From the Department of Plastic, Reconstructive and Hand Surgery, Erasmus Medical Center; the Department of Orthopedic Surgery, Division of Hand Surgery, Mayo Clinic; and Xpert Clinic, Hand and Wrist Surgery.
Plast Reconstr Surg. 2019 Jul;144(1):155-166. doi: 10.1097/PRS.0000000000005720.
Elbow flexion after upper brachial plexus injury may be restored by a nerve transfer from the ulnar nerve to the biceps motor branch with an optional nerve transfer from the median nerve to the brachialis motor branch (single and double fascicular nerve transfer). This meta-analysis assesses the effectiveness of both techniques and the added value of additional reinnervation of the brachialis muscle.
Comprehensive searches were performed identifying studies concerning restoration of elbow flexion through single and double fascicular nerve transfers. Only C5 to C6 lesion patients were included in quantitative analysis to prevent confounding by indication. Primary outcome was the proportion of patients reaching British Medical Research Council elbow flexion grade 3 or greater. Meta-analysis was performed with random effects models.

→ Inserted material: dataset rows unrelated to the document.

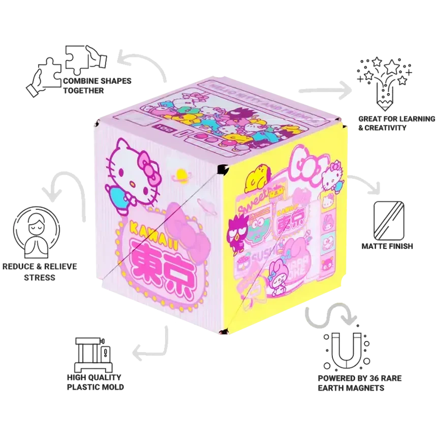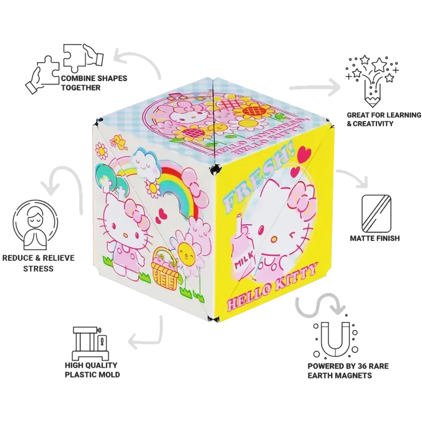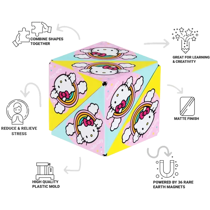 Shashibo cubes are crafted with magnetic technology, allowing them to easily snap into different shapes. The cubes feature vibrant designs and patterns, adding an artistic touch to the interactive experience. The magnetic construction ensures durability and ease of manipulation.
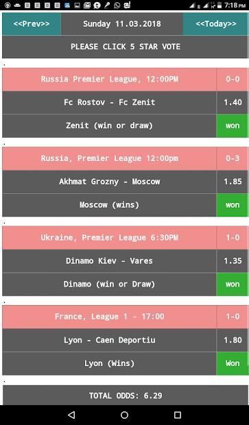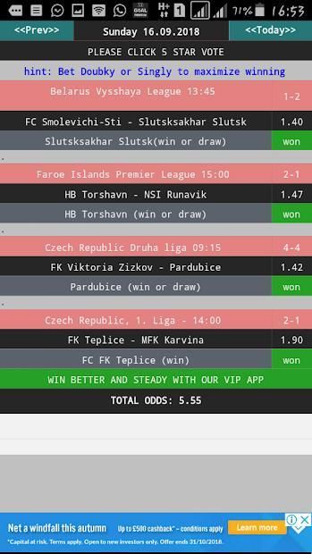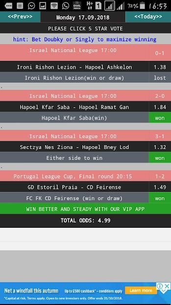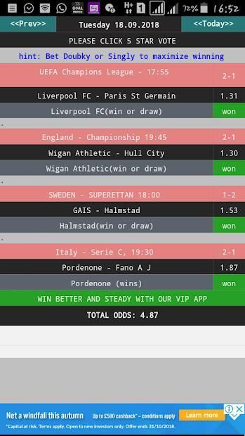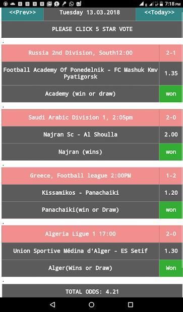 साथ अच्छी तरह से विश्लेषण और seleted गणितीय और सांख्यिकीय तरीके के आधार पर सुझाव दिए गए इस एप्लिकेशन को प्रदान करता है। खेल "जीत या आकर्षित, (1X) जीत या आकर्षित करने के लिए घर, दूर जीत या आकर्षित (X2) और दोनों ओर जीतने के लिए (12) करने के लिए" से लेकर।
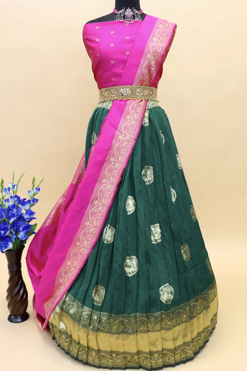 In the rich tapestry of South Indian culture, the Narayanpet silk saree stands as a symbol of timeless beauty and heritage. Among its mesmerizing variants, the dark green Narayanpet silk saree adorned with a captivating pink dupatta stands out as a stunning example of traditional craftsmanship and artistry.

Thirty-five studies were included (n = 688). In quantitative analysis, 29 studies were included (n = 341). After single fascicular nerve transfer, 190 of 207 patients reached Medical Research Council grade 3 or higher (random effects model, 95.6 percent; 95 percent CI, 92.9 to 98.2 percent); and after double fascicular nerve transfer, 128 of 134 patients reached grade 3 or higher (random effects model, 97.5 percent; 95 percent CI, 95.0 to 100 percent; p = 0.301). Significantly more double nerve transfer patients reached grade 4 or greater if preoperative delay was 6 months or less (84 of 101 versus 49 of 51; p = 0.035).
Additional reinnervation of the brachialis muscle did not result in significantly more patients reaching Medical Research Council grade 3 or higher for elbow flexion. Double fascicular nerve transfer may result in more patients reaching grade 4 or higher in patients with a preoperative delay less than 6 months. The median nerve may be preserved or used for another nerve transfer without substantially impairing elbow flexion restoration.
通过尺神经至二头肌运动支的神经转移,联合正中神经至肱肌运动支的可选神经转移,可以恢复上肢臂丛神经损伤后的肘部屈曲。本荟萃分析评估了这两种技术的有效性,以及肱肌的附加神经再支配的附加价值。
全面检索了恢复肘部屈曲的单神经束和双神经束神经转移的相关研究。仅纳入 C5 至 C6 病变患者进行定量分析,以防止混杂因素。主要结局是达到英国医学研究理事会肘部屈曲 3 级或以上的患者比例。采用随机效应模型进行荟萃分析。
共纳入 35 项研究(n=688)。定量分析纳入 29 项研究(n=341)。单神经束神经转移后,207 例患者中有 190 例达到英国医学研究理事会 3 级或以上(随机效应模型,95.6%;95%置信区间,92.9%至 98.2%);双神经束神经转移后,134 例患者中有 128 例达到 3 级或以上(随机效应模型,97.5%;95%置信区间,95.0%至 100%;p=0.301)。如果术前延迟时间为 6 个月或更短,则双神经束转移患者达到 4 级或以上的比例显著更高(84 例中有 101 例,而 49 例中有 51 例;p=0.035)。
肱肌的附加神经再支配并没有显著增加达到英国医学研究理事会肘部屈曲 3 级或以上的患者比例。对于术前延迟时间小于 6 个月的患者,双神经束神经转移可能会使更多患者达到 4 级或以上。在不明显影响肘部屈曲恢复的情况下,可以保留或使用正中神经进行另一神经转移。